Crítica: El nacimiento del Rey Sol en el Teatro Real
Hermosísimo sinsentido
El nacimiento del Rey Sol. Jean de Cambefort, Antoine Boësset, Francesco Cavalli, Luigi Rossi y otros: Le ballet royal de la nuit. Lucile Richardot, Caroline Weynants, Caroline Dangin-Bardot, Marie-Frédérique Girod, Ilektra Platiopoulou, Blandine de Sansal, Sylvie Bedoulle, Etiene Bazola, Nicolas Brooymans y otros. Ensamble Correspondances. Dirección musical y clave: Sébastian Daucé. 19 de junio
La política y la ópera han andado de la mano desde sus inicios. No hay más que escuchar el fragmento de la Toccata del Orfeo de Monteverdi que anuncia el inicio de cualquier representación en el Teatro Real, y que es en realidad el himno de los Gonzaga: la ópera sirvió, la mayor parte de las veces, como vehículo propagandístico más o menos evidente. Lo mismo ocurrió con Le ballet royal de la nuit, cuya versión digamos simplificada se escuchó anoche en el Real, con la excepción de que no esto no es, en realidad, una ópera sino una de las formas fronterizas acuñadas en Francia y denominada ballet de cour, con un emparejamiento evidente con la danza.
En este caso Le ballet… fue una cuidada operación de marketing orquestada por el primer ministro francés, el Cardenal Mazarino, que intentó un golpe de efecto político que sirviera para promocionar el poder real y situar al nuevo regente (Luis XIV) en una situación de privilegio respecto a su pueblo. En el desarrollo no sólo participaban músicos y bailarines profesionales, sino también la propia nobleza. El argumento de este gigantesco espectáculo (más de doce horas, divididas en siete días en el año 1653), giraba en torno a un alegórico ascenso del Sol (un Luis XIV de casi quince años) que va disipando las tinieblas y los terrores de la noche.

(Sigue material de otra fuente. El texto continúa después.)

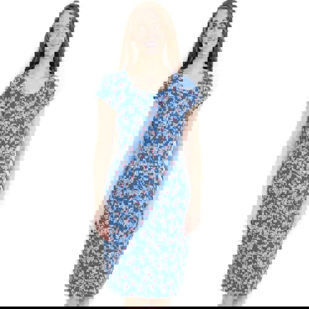 Refresh your everyday wardrobe with this Lazy Jacks women’s Wildflower dress in blue. Made from 96% cotton and 4% elastane, it has a soft-touch, pre-washed finish with breathable, shrink-resistant stretch fabric technology. The printed design is paired with a scoop neckline and capped sleeves for a clean, easy-to-wear silhouette.
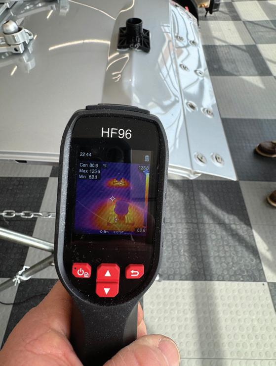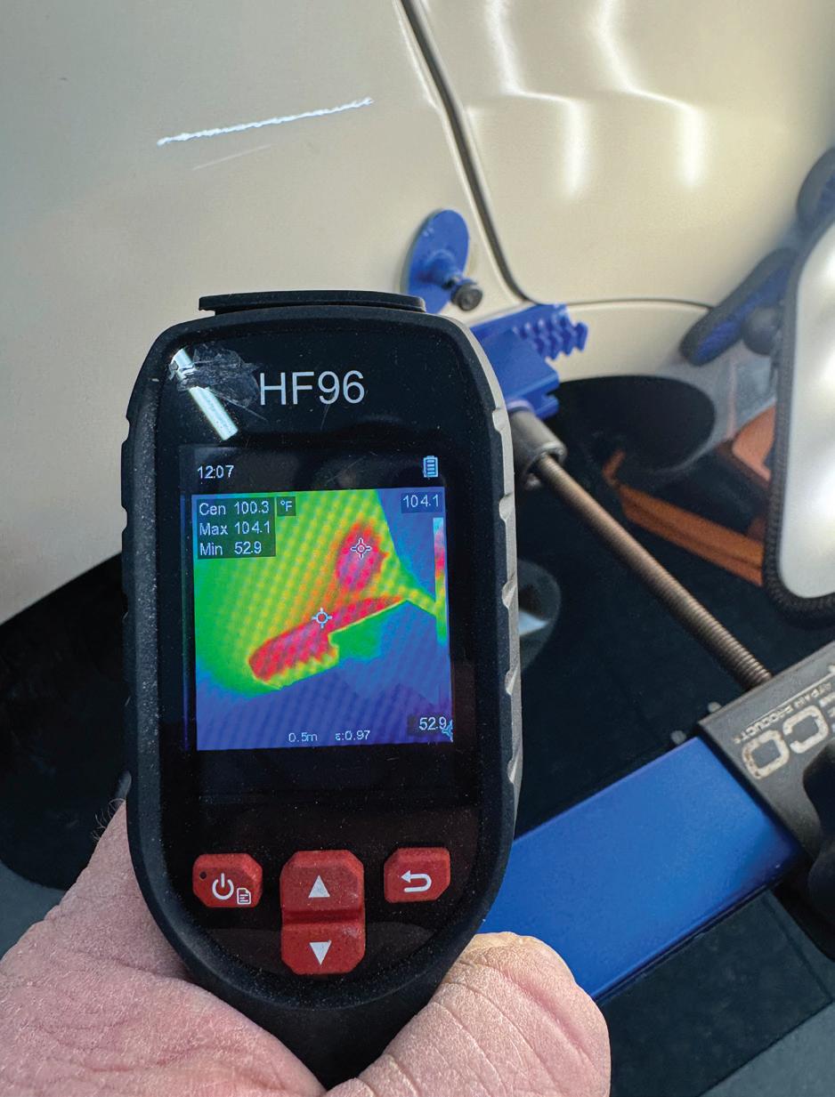 WHEN USING AN INFRARED THERMOMETER , place the tip close to the tab. Holding it too far back gives an average temperature, but you need to know the exact temperature under the tab. This is where an infrared camera really shines.

Obviamente, entre los invitados anduvieron representantes de varios estados, además de la aristocracia y burguesía parisina cuyo apoyo tanto necesitaba el rey.
El director musical del Ensamble Correspondances, Sébastian Daucé, ha organizado materiales, colocado añadidos, completado líneas vocales perdidas y una largo etcétera de musicología aplicada para llevar luz a la partitura de, probablemente, el espectáculo más fastuoso de todo el siglo XVII, que aquí queda reducido a apenas dos horas y media. Y hay que adelantar que la música y la interpretación fueron de todo punto extraordinarias. La orquesta alcanza la excelencia en tímbrica, color, adecuación al estilo y riqueza de matices. Desde la viola da gamba de Mathilde Vialle, pasando por la tiorba de Thibaut Roussel hasta la magnífica recreación sonora de ritmos y pájaros del percusionista Sylvain Fabre. Una sonoridad carnosa, seductora, inmejorable para una música que se hizo más dramática y cercana en la segunda parte, cuando los añadidos de Rossi y Cavalli aumentaron el nivel medio compositivo.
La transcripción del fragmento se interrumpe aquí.